Think about a product support team that’s constantly firefighting. Tickets spike, response times slip, everyone works late. Instead of listing “improve support” as a vague ambition, their Objective becomes “Customers feel confident we’ve got their back.” Key Results: “Reduce average first-response time from 12 hours to 4,” “Increase CSAT from 3.4 to 4.3,” “Cut repeat tickets on the same issue by 40 %.” Suddenly, experiments like improving macros, revising help docs, or adding chat support are judged by whether they move those numbers, not by how busy the team looks.
Or take a sales manager stuck in sandbagging and heroics. Rather than “hit quota,” they choose “Make next-quarter revenue predictable.” Key Results: “Lift opportunity win-rate from 19 % to 24 %,” “Grow opportunities with mutual close plans from 10 % to 70 %,” “Shrink average sales cycle from 74 to 55 days.” Now pipeline reviews turn into coaching on deal quality and process, not just pressure about closing gaps.
Your challenge this week: pick one messy area on your team—support, onboarding, reliability, anything that feels chaotic—and sketch just *one* Objective plus 2–3 measurable outcomes that, if achieved, would make you say, “This is clearly better now.” Don’t overthink wording or lock it into a system; treat it as a draft hypothesis.
Then, take that draft to two people who do the work daily. Ask them three questions: “Does this describe what ‘winning’ actually looks like from your perspective?”, “What’s missing or misleading in these outcomes?”, and “What current work clearly connects—or clearly doesn’t connect—to this?” Listen more than you speak; your goal is not to defend the draft, but to uncover where their reality diverges from your mental model.
By the end of the week, revise the Objective and Key Results once based on what you heard. Keep both versions. The value here is noticing how conversation around a simple scoreboard starts shifting people from reporting activities toward debating impact.

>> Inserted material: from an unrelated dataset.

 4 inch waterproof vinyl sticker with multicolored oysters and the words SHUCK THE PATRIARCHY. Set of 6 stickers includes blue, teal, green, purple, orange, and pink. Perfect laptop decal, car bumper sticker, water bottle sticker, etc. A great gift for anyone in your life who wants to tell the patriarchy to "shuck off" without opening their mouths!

As AI tools mature, expect them to act less like dashboards and more like quiet co-pilots: surfacing patterns in your existing metrics, auto-suggesting stretch outcomes, and warning when teams drift into busywork. Think of them as a tide chart for your quarter—showing when conditions are rising or receding so you launch the right initiatives at the right moment, instead of reacting late to trend lines that were visible weeks earlier.

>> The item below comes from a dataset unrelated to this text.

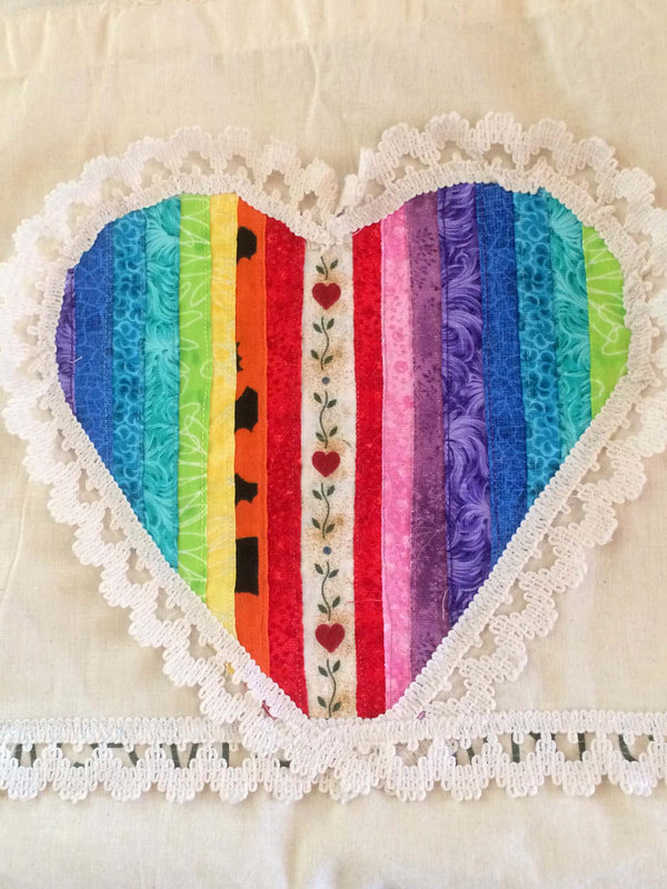 Made by members of the South Bay Quilters Guild and submitted to the Modern Quilt Guild for QuiltCon Together 2021, a virtual show. We were excited to learn that it won the People’s Choice Award. Comments from two MQG board members during the announcement of the award: Heather: “I feel that it is super fitting that a quilt about houses, when we’re all attending QuiltCon from our houses gets the People’s Choice Award this year.” Karen: “I agree. I think maybe the message of this quilt just spoke to all of us this year.”

When you treat this as an ongoing practice, not a quarterly form to fill, something subtle happens: patterns emerge. You’ll notice which teams act like jazz ensembles—listening, adjusting, leaving space—and which play solo over everyone else. Stay curious about those differences; they’re early signals of culture shifts you can amplify or gently redesign.
Start with this tiny habit: When you open your laptop for work, jot a single “O:” line in your notes app that starts with a verb and ends with “this quarter” (for example: “Launch our new onboarding flow this quarter”). Then, underneath it, add just ONE possible Key Result that’s numeric (for example: “Increase onboarding completion from 60% to 75%”). Close the note—don’t perfect it, don’t add more—just let your brain get used to framing work as an Objective with one measurable outcome.